◆ LISTED ENTRIES ◆

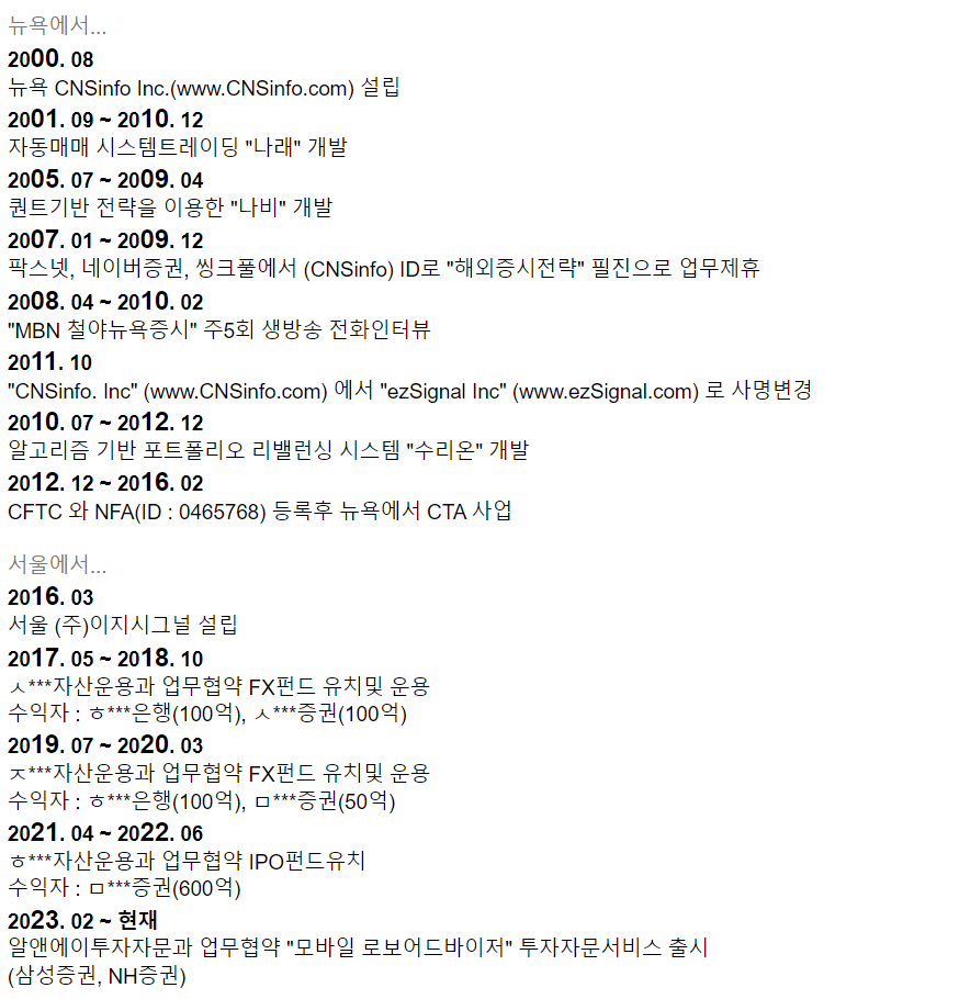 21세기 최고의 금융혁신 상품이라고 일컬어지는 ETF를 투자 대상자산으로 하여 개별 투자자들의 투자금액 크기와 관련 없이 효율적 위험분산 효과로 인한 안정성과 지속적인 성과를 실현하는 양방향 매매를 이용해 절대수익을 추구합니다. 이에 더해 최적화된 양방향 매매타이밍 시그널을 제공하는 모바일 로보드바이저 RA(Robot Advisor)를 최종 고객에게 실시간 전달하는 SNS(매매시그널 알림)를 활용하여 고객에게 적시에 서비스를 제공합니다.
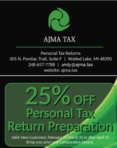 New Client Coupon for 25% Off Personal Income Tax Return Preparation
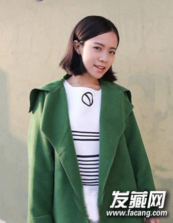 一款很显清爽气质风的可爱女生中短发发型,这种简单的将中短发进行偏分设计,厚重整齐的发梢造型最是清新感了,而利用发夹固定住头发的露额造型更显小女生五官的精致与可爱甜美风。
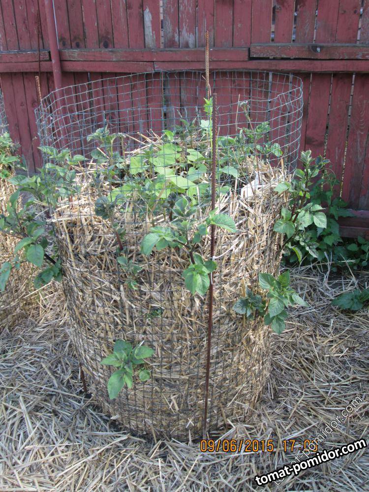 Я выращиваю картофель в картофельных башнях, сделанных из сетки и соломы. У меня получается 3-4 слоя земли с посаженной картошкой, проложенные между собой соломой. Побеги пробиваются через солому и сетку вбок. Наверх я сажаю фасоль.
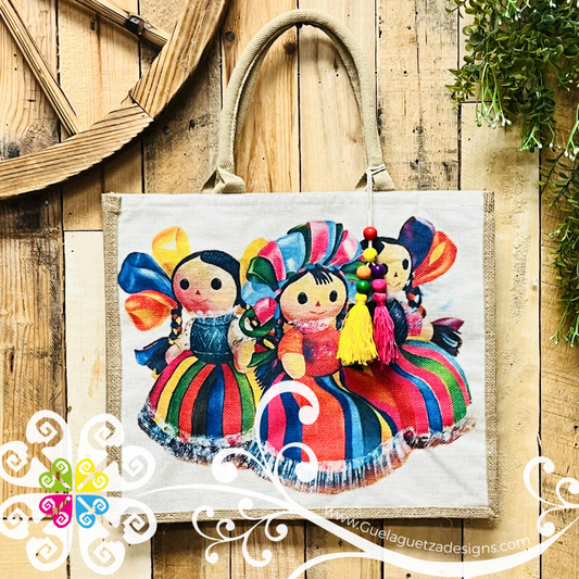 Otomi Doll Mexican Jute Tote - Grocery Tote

◆ WHAT TO DO ◆
Skipping the pictures, transcribe each line above exactly as it appears.

◆ FINISHED EXERCISE ◆
 21세기 최고의 금융혁신 상품이라고 일컬어지는 ETF를 투자 대상자산으로 하여 개별 투자자들의 투자금액 크기와 관련 없이 효율적 위험분산 효과로 인한 안정성과 지속적인 성과를 실현하는 양방향 매매를 이용해 절대수익을 추구합니다. 이에 더해 최적화된 양방향 매매타이밍 시그널을 제공하는 모바일 로보드바이저 RA(Robot Advisor)를 최종 고객에게 실시간 전달하는 SNS(매매시그널 알림)를 활용하여 고객에게 적시에 서비스를 제공합니다.
 New Client Coupon for 25% Off Personal Income Tax Return Preparation
 一款很显清爽气质风的可爱女生中短发发型,这种简单的将中短发进行偏分设计,厚重整齐的发梢造型最是清新感了,而利用发夹固定住头发的露额造型更显小女生五官的精致与可爱甜美风。
 Я выращиваю картофель в картофельных башнях, сделанных из сетки и соломы. У меня получается 3-4 слоя земли с посаженной картошкой, проложенные между собой соломой. Побеги пробиваются через солому и сетку вбок. Наверх я сажаю фасоль.
 Otomi Doll Mexican Jute Tote - Grocery Tote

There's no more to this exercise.